This investigation covers three samples side by side: SPAM Classic, Libby's Vienna Sausage, and Libby's Corned Beef, examined at 40x, 100x, 400x, and 1000x oil immersion. All three contain sodium nitrite — the same preservative the World Health Organization classifies in the same carcinogen category as cigarettes — and we're looking at every layer.
At 40x, SPAM's aspic coating reveals a gelatinous collagen network — liquefied connective tissue that re-solidifies inside the can.
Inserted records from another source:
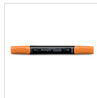
Pumpkin Pie Dark Stampin' Blends Marker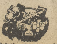
The Most Famous Basket in the World

Our Hostess' Gifts and Information are the Key to Your New Community Call 675-2070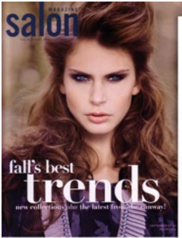
COVER : SALON MAGAZINE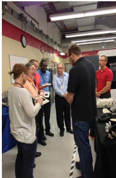
Perry showing an example of direct digital manufacturing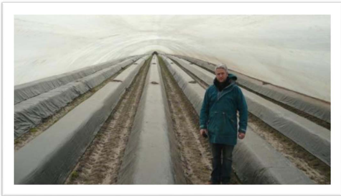
Figure 11: Photo of author examining blow tunnels at Horst, Netherlands (5/5/2013)

In late winter, the blow tunnels are placed over the asparagus fields. The dimensions of tunnels are generally 100 m x 40 m x 1.8 m high. The blow tunnels are laid out over the asparagus beds and a trench is dug around the outer edge. The soil is back-filled over the outer edge of the tunnel to secure the plastic sides. A door is then attached at one end of the tunnel. To inflate the blow tunnel a pipe is placed under the soil and is fed into the tunnel alongside the opening door. Hot air is generated by a diesel compressor to inflate the blow tunnel. The ideal air temperature is 27°C. Due to the consistent high temperature, the white asparagus is able to be harvested at least four weeks earlier than that of the mini tunnels.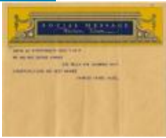
Telegram (2016.2.11) 1931 Economou Family Papers (NHM34)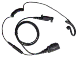
EHN26-P C-style Earpiece with microphone and in-line PTT button

External earpieces and microphones that attach directly to the radio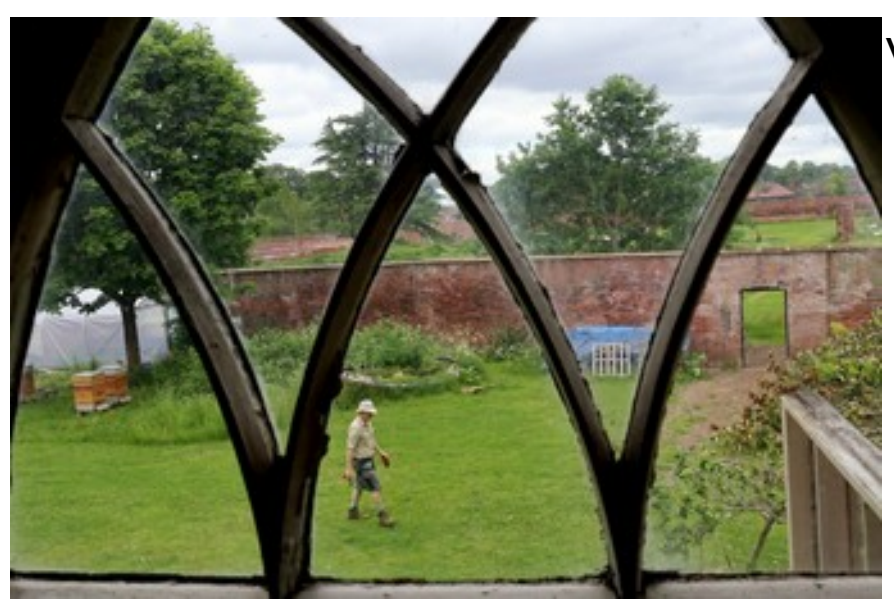
View from HGC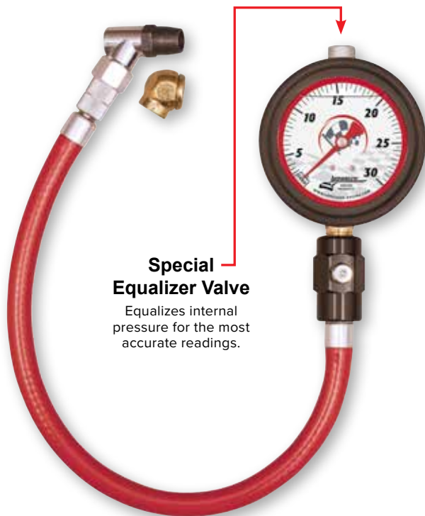
Special Equalizer Valve Equalizes internal pressure for the most accurate readings.

SCAN THIS QR CODE TO SEE OUR VIDEO TUTORIAL ON: HOW TO CHANGE YOUR GAUGE CHUCK AND GAUGE HEAD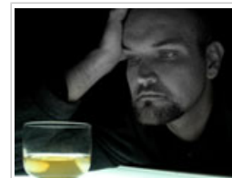
Individuals often suffer from drug problems in combination with depression

Conversely, drug-dependent people are more likely to suffer from mental disorders than non-dependent people. For instance, people who are dependent on alcohol, tobacco, or cocaine are more likely to suffer from depression than non-dependent people.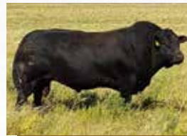
Arcade - Sire

A.I June 30 Anchor B Gold Rush. Exposed Anchor B Gold Rush July 1- Aug 25.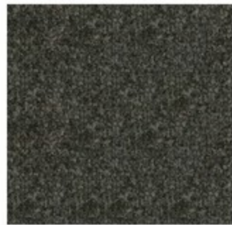
9152 COSMO GREY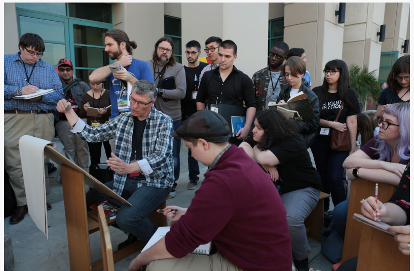
CTN Xpo Life Drawing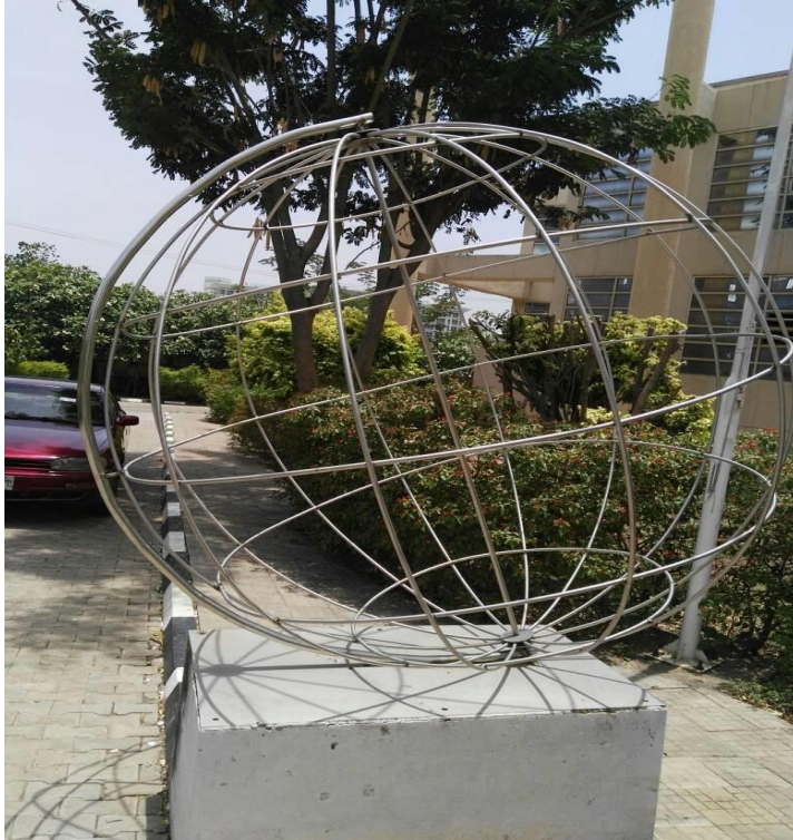
Globe with stainless steel @ Distance Learning, Abuja

At 400x, the pork emulsion shows no intact muscle fiber structure: only a dense protein paste with suspended fat globules throughout. At 1000x oil immersion, we push to the absolute limit for the kill shot.
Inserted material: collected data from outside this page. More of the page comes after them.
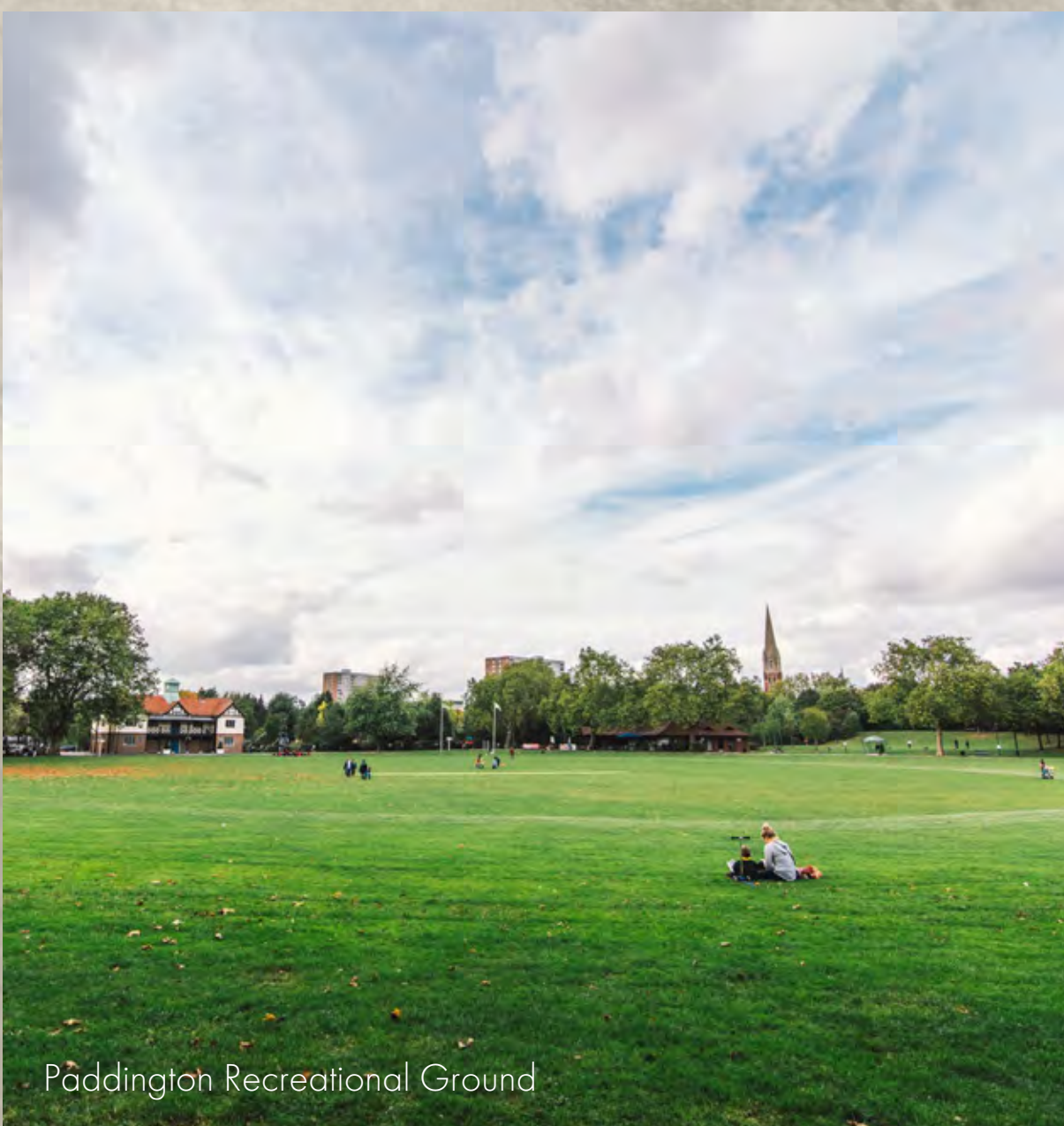
Paddington Recreational Ground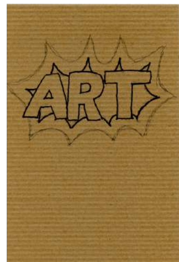
6. Trace the small burst lines that are left with a black marker. Draw a larger burst around the outside.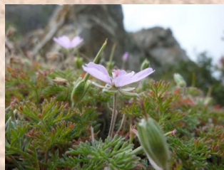
Erodium foetidum ssp foetidum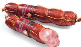
Drogobytska semi-smoked sausage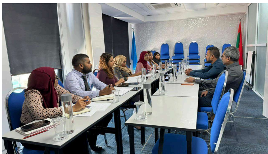
Participants and trainers from the IFJ's leadership training program in Islamabad, Multan, and Quetta.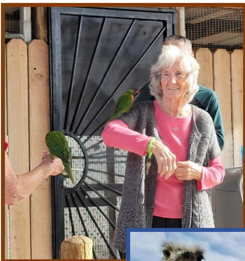
We had a great time at the Rooster Cogburn Ostrich Ranch!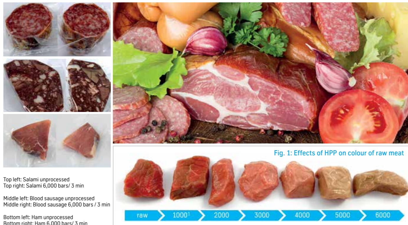
Fig. 1: Effects of HPP on colour of raw meat

The HPP processing is optimally appropriate for the extension of shelf life of sausage and ham; thus, it is made sure that detrimental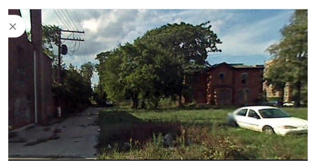
Site Photo 4, by Google Street view October 2007 showing rear lot and former garage sites.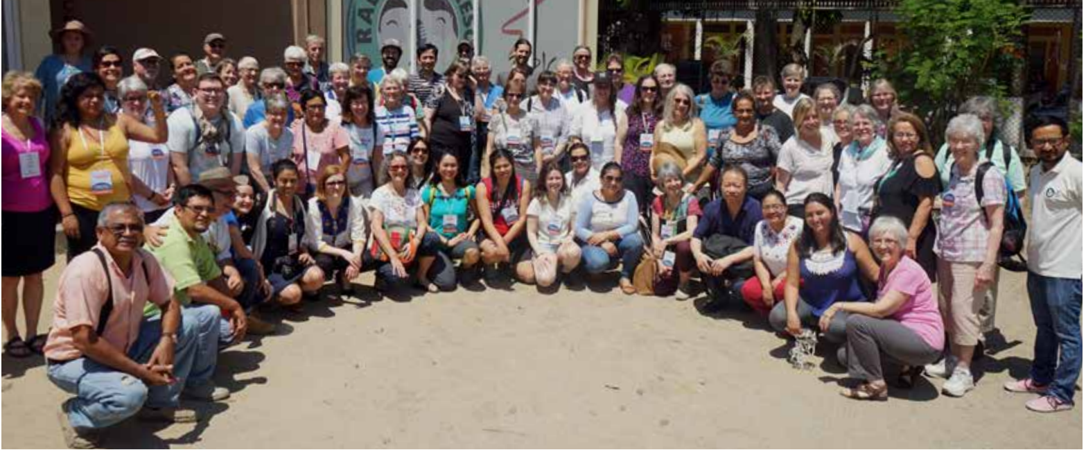
▲ During the Root Causes Delegation, an international delegation of 75 faith leaders involved with issues of social justice and immigration, traveled to Honduras led by the SHARE Foundation, Interfaith Movement for Human Integrity, Leadership Conference of Women Religious, and Sisters of Mercy of the Americas' Justice Team.

feed themselves, let alone to make money through farming. This is due primarily to the drought and land exploitation. The river that provides many citizens with their sole source of drinking water is now in danger of becoming contaminated owing to mine run-off. Citizens continue to fight the government against giving permission to the mining companies to mine so close to the river. “With no clean water, people

Libby's Vienna Sausage is produced from Mechanically Separated Chicken — carcasses forced through a high-pressure sieve under FDA-mandated separate labeling because the result does not legally qualify as meat. Under the microscope, the cellular architecture is nearly featureless. Libby's Corned Beef is the investigation's surprise: visible myofibril structure confirms actual muscle tissue, making it structurally the most intact of the three — yet its pink color is entirely the work of sodium nitrite, not natural pigmentation.
Drop your next investigation idea in the comments — what canned food should we open next?
🔬 The microscope doesn't lie.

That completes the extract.